The students were stunned into silence and Mockus' unlikely ascent had begun. In explaining why he chose to moon the audience, Mockus has noted that he was connecting "two extremes, extreme contempt and extreme submission." The mooning incident, the leading story in Colombia that day, would cost Mockus his post running the state-run institution but it would earn him a place in Colombian lore while gaining him many admirers for having stood up to an anarchist mob.
Timing, they say, is everything in politics. In the mid 1990s, Colombia was a desperate place immersed in ever-spiraling violence but change was on the horizon with a set of political reforms that had begun to open up the Colombian political arena. In the late 1980s, Colombian electoral law was changed to allow direct elections of governors and mayors and in 1991 a new Constitution further opened up the political process.
It was into this political opening that Antanas Mockus was drafted into a run for mayor of Bogotá, then a city of over six million people that was considered the worst city in Latin America with the second highest homicide rate in the world after Medellín, an overstretched infrastructure and one of the largest disparaties between rich and poor anywhere on the planet.
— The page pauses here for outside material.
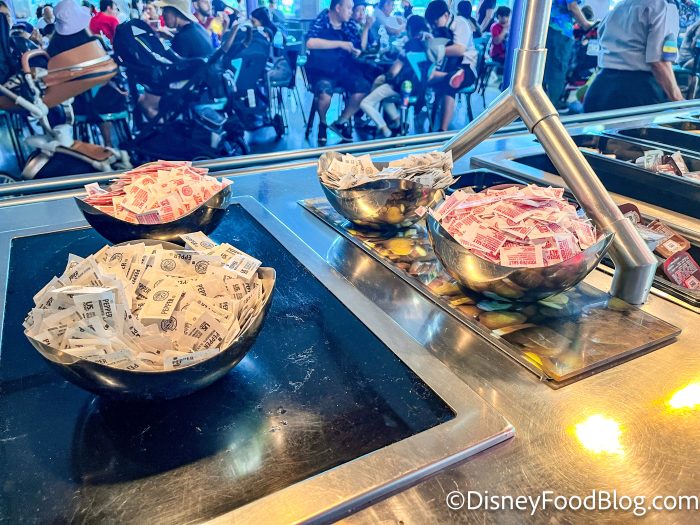 There are multiple utensil stations throughout the restaurant, and you’ll find napkin dispensers alongside them.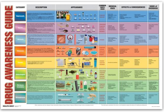 The chart explains what each drug is, how it’s used, the drug’s effects, and possible signs of overdose. Easy-to-understand text is reinforced with photos of more than 60 different substances and types of paraphernalia. Laminated. 36″ x 24″.

Perhaps such was the despair that the political novice Antanas Mockus - the full name is Aurelijus Rutenis Antanas Mockus Šivickas - was elected mayor of Bogotá in his first run for office in late 1994 becoming the first independent mayor in the city's history.
What unfolded over the next three years ranks as one of the most innovative mayorships anywhere and launched the transformation of Bogotá from one of the world's worst cities into one of its best. A mathematician and a philosopher by training, Mockus' viewed Bogotá's problems primarily as one of culture. Change the culture and you change the city.
In his first administration, his goal was to create a new citizen culture by teaching bogotanos how to act in public. To improve Bogotá's gridlocked traffic problems, he gave citizens flash cards with a thumbs up or thumbs down. Good driving behaivour was rewarded with a thumbs up and while bad behaivour earned a thumbs down. He then dismissed the notoriously corrupt traffic police and replaced them with street mimes that instead of fining traffic offenders mocked them on the grounds that people respond better to being embarrassed than to monetary fines. Some 10 percent of the traffic police accepted to be retrained as mimes. The mimes focused not only on drivers but also on pedestrians instructing them to cross at the intersections and signal. In his first term, pedestrian fatalities dropped almost 70 percent.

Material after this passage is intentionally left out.